FIGS. 1(a) and 1(b) are a top view and a sectional view of a display pixel to which the TPT of the present invention (7) is added. FIG. 2 is a cross-sectional view of a typical ECD. FIG. 3 is a circuit diagram of an active matrix type ECD in which one TPT is added to each pixel. FIG. 4 is a circuit diagram of an active matrix type ECU in which two TPTs are added to each pixel.
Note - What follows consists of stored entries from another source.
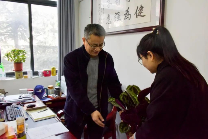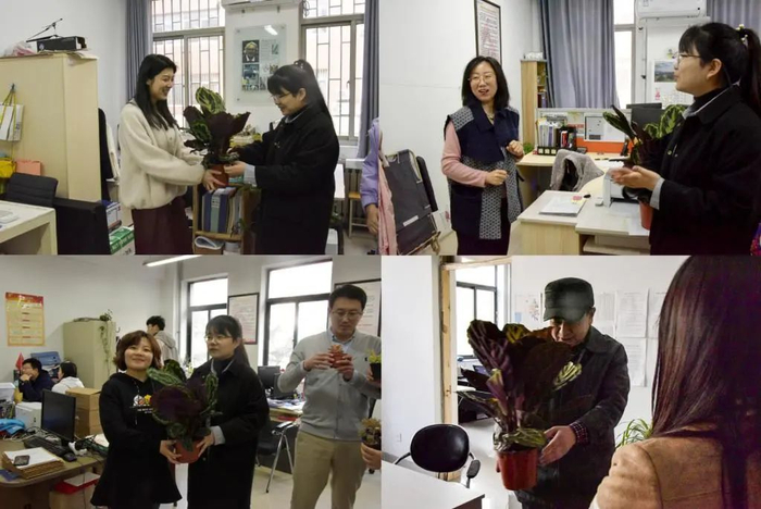 同学们还为辛勤工作的“园丁们”送上绿植与真挚的感谢,感谢他们为培养“祖国的花朵”付出的汗水。肖学斌对同学们表示感谢,他激励大家好好学习专业知识,不负春光,“一年之计在于春”,在这个好时节一起进步,共同开启美好的新学期。
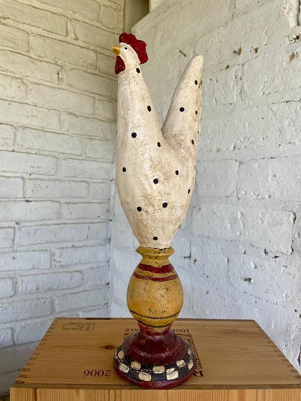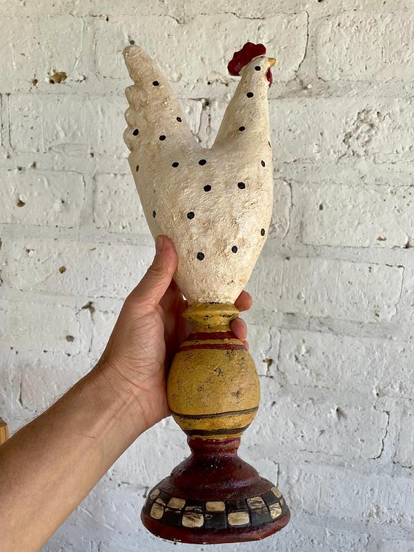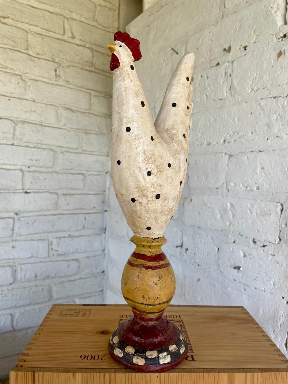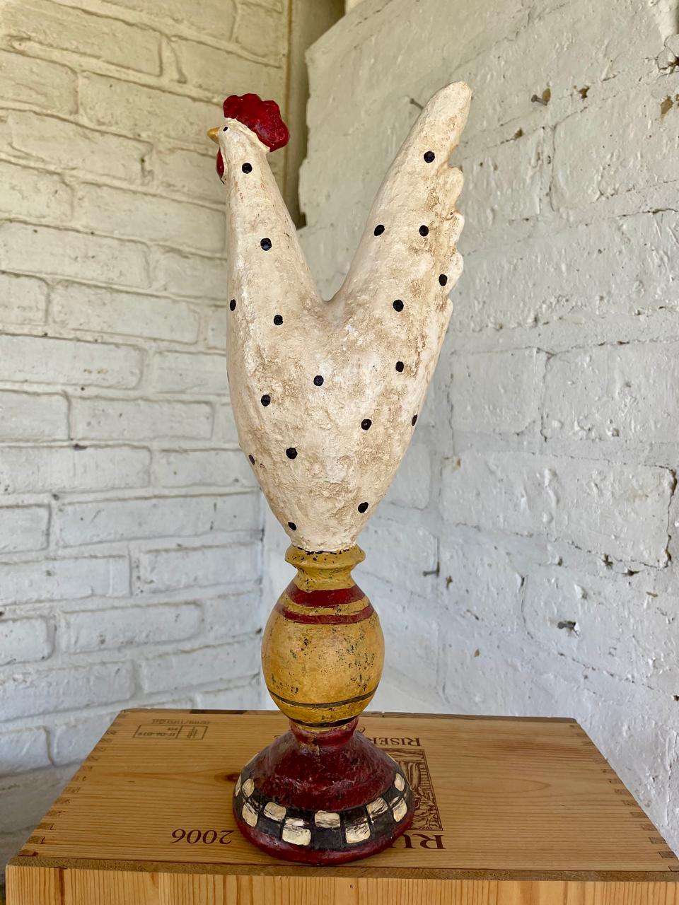 Figura de gallina elaborada en resina con apariencia rústica y decorada con pintura desgastada con apariencia antigua.
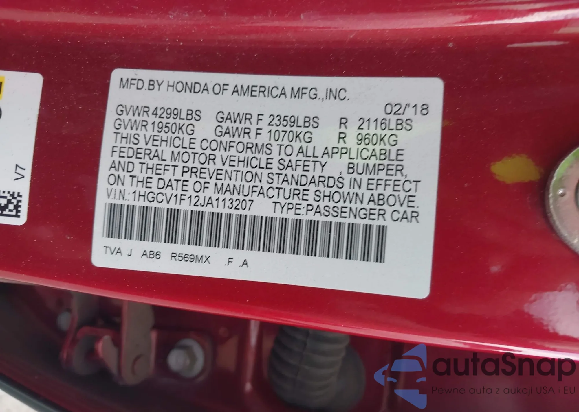 LOT: 43121026 VIN: 1HGCV1F12JA113207
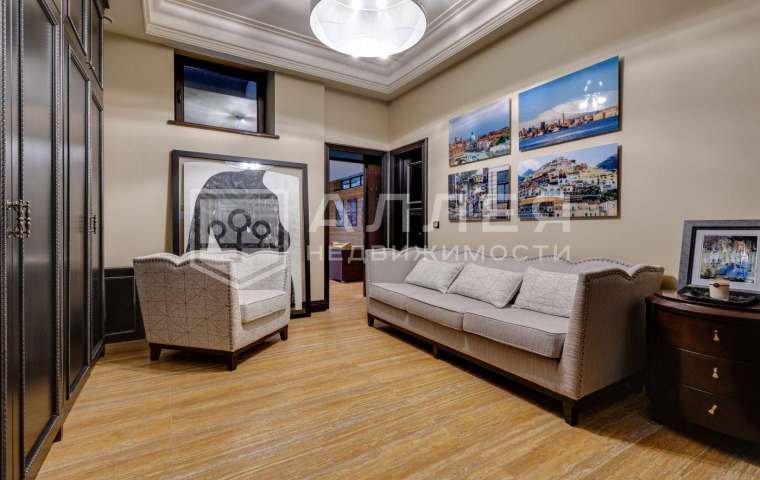 2 этаж: холл, кабинет, мастер-спальня с гардеробной, ванной комнатой и выходом на балкон, 3 спальни со своими гардеробными и ванными комнатами
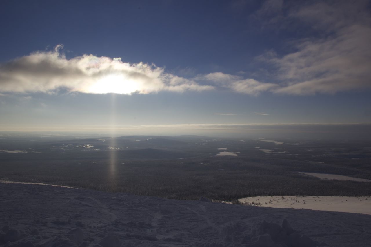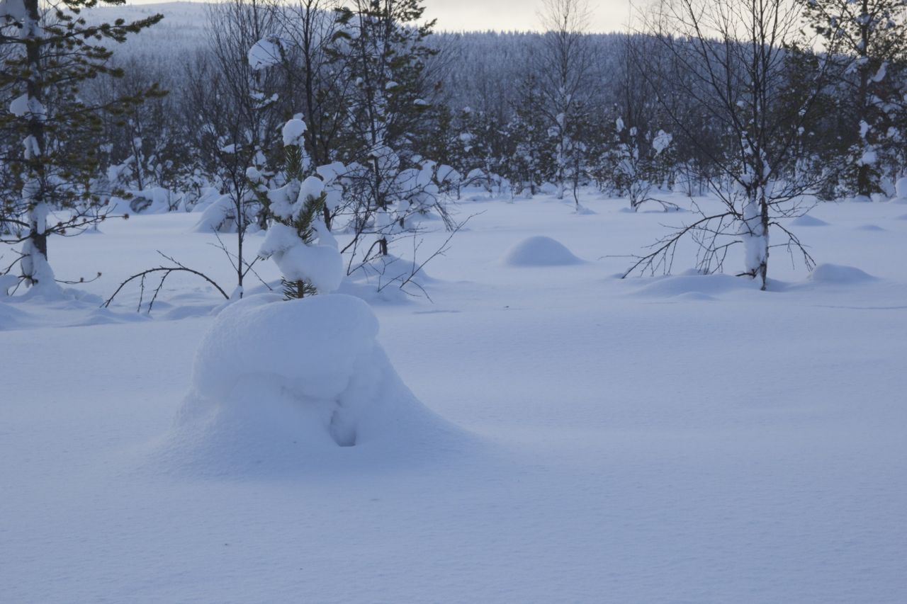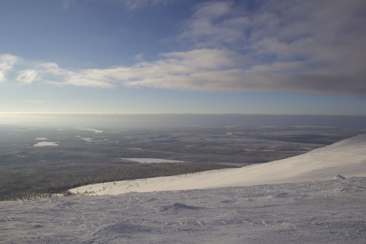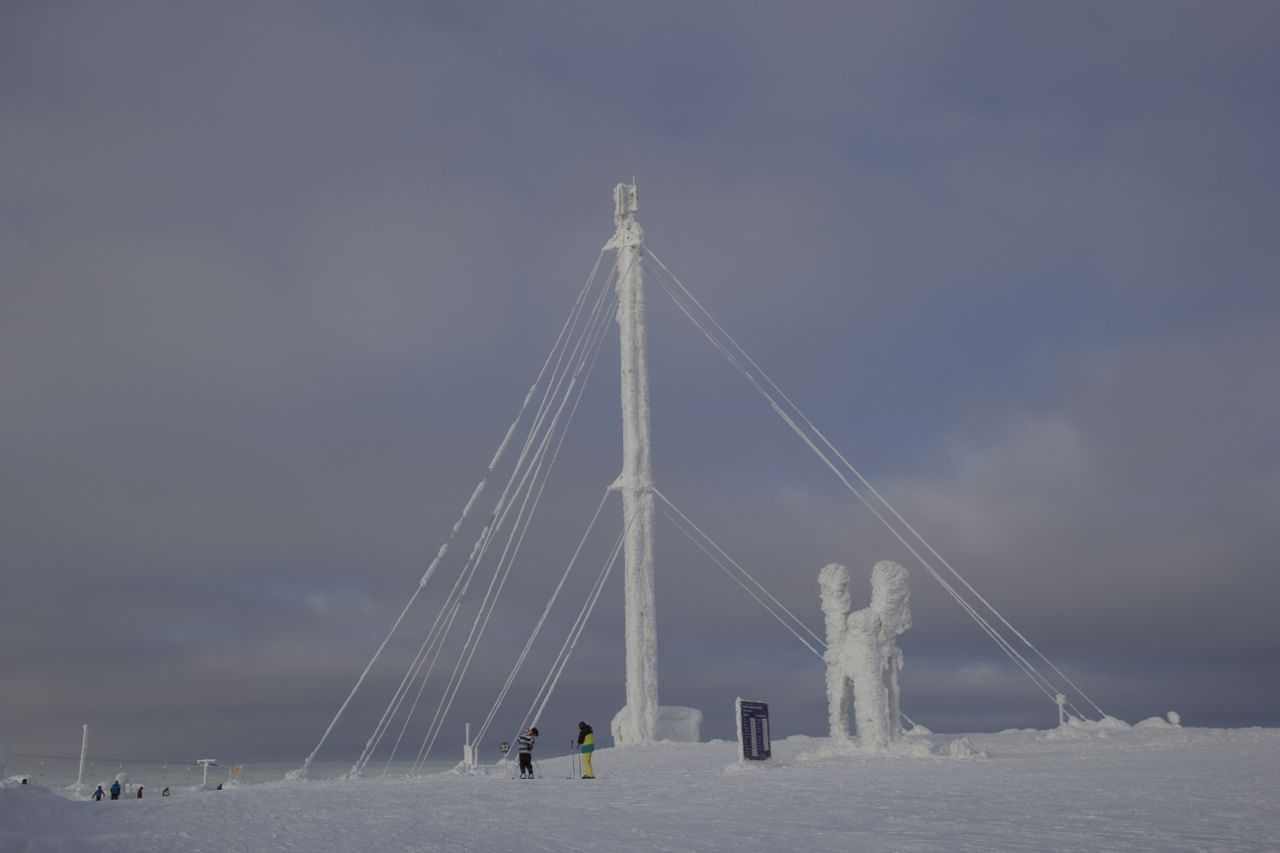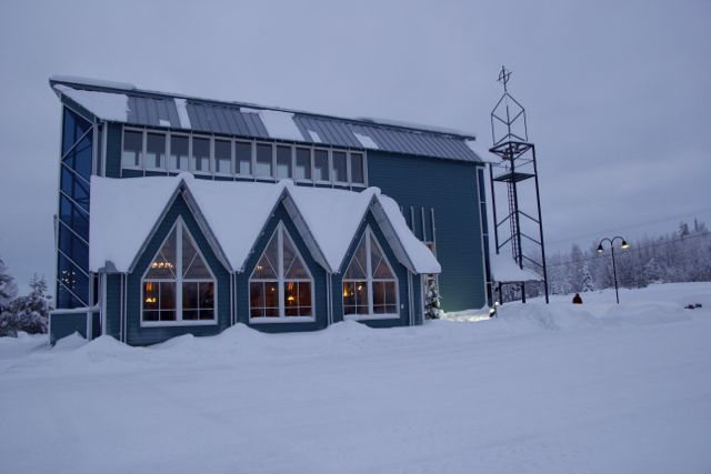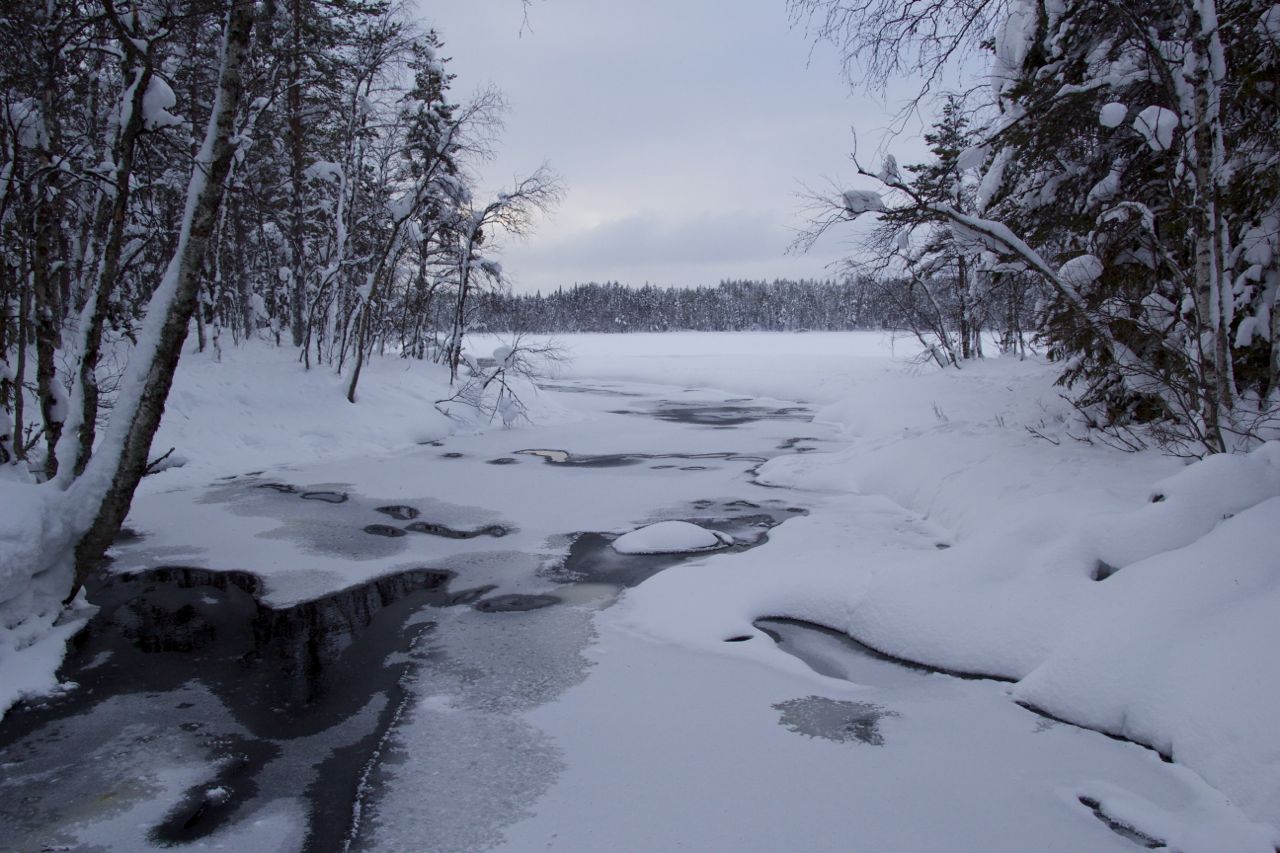 Am Nachmittag parkierten wir unser Auto bei der Kapelle und machten uns mit der Langlauf-Ausrüstung auf zum See Äkäslompolo. Dieser Ort hat seinen Namen aufgrund des Sees. Das Dorf ist um den See herum entstanden und im Winter ist dieser gefroren und auf dem Eis hat es eine Schneeschicht mit einer Loipe zum Langlaufen. So fuhren wir eine Runde auf dem See. Dabei kam uns unsere Langlauf-Lehrerin von Montag entgegen und lobte uns und freute sich, dass wir nun auf eigene Faust unterwegs waren. Sie hatte heute ihren freien Tag und war deshalb draussen unterwegs bei diesem schönen Wetter, sagte sie. So schön war das Wetter nicht, so grau war es noch nie, dafür aber nur -2 Grad.
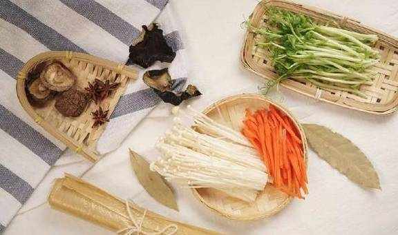豆苗金针菇胡萝卜香菇木耳油豆皮
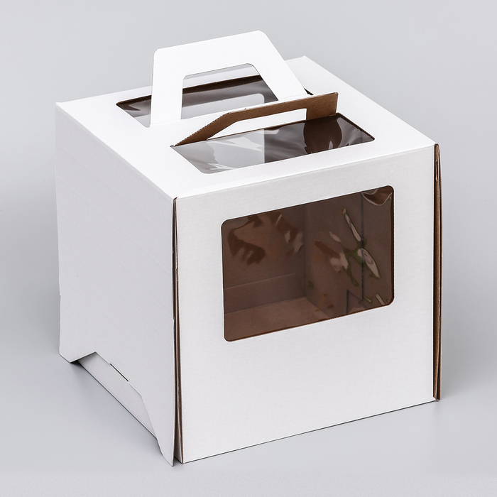 Коробка под торт 2 окна, с ручками, белая, 26×26×26 см

FIG. 5(a) is a cross-sectional view of a coplanar TPT, and FIG. 5(b)
) is a cross-sectional view of a staggered TPT, (C) is a cross-sectional view of an inverted coplanar TPT, and (d) is a cross-sectional view of an inverted staggered TPT.
A cross-sectional view of T. FIGS. 6(a) and 6(b) are cross-sectional views before and after connection of an example of vertical conduction according to the present invention. 24: Source terminal of first TFT; 125: First TFT
Drain electrode 26 of PT: Source electrode 27 of second TFT: Drain electrode 30 of second TFT: Gate electrode 31 of first TPT: Gate electrode 33, 34, 35, 3Ei of second TPT: Connection part 61 Glass substrate 82. 84: Conductive thin film 83: Interlayer insulating film 1 Figure tb No. 2 Concave 1α,
(b) 2nd Kasumi Figure 5 + C1 + d Figure 3

Claims (4)

[Claims] (1) In an electrochromic display element that has a plurality of electrochromic display pixels formed on an insulating substrate and a plurality of thin film transistors added to each display pixel, an interlayer insulating film is sandwiched, and each An electrochromic display element characterized in that conductive connections between conductive thin films patterned as transistor electrodes are made after all electrodes are formed. (2) A laser beam is irradiated to a part of a three-layer structure consisting of an interlayer insulating film and a conductive thin film on the top and bottom to establish vertical conduction and conductive connection between the electrodes.
The electrochromic display element described in . (3) The electrochromic display element according to claim 1, wherein the conductive thin film formed above the interlayer insulating film is a transparent conductive thin film. (4) The electrochromic display element according to claim 1, wherein the electrochromic substance is amorphous tungsten.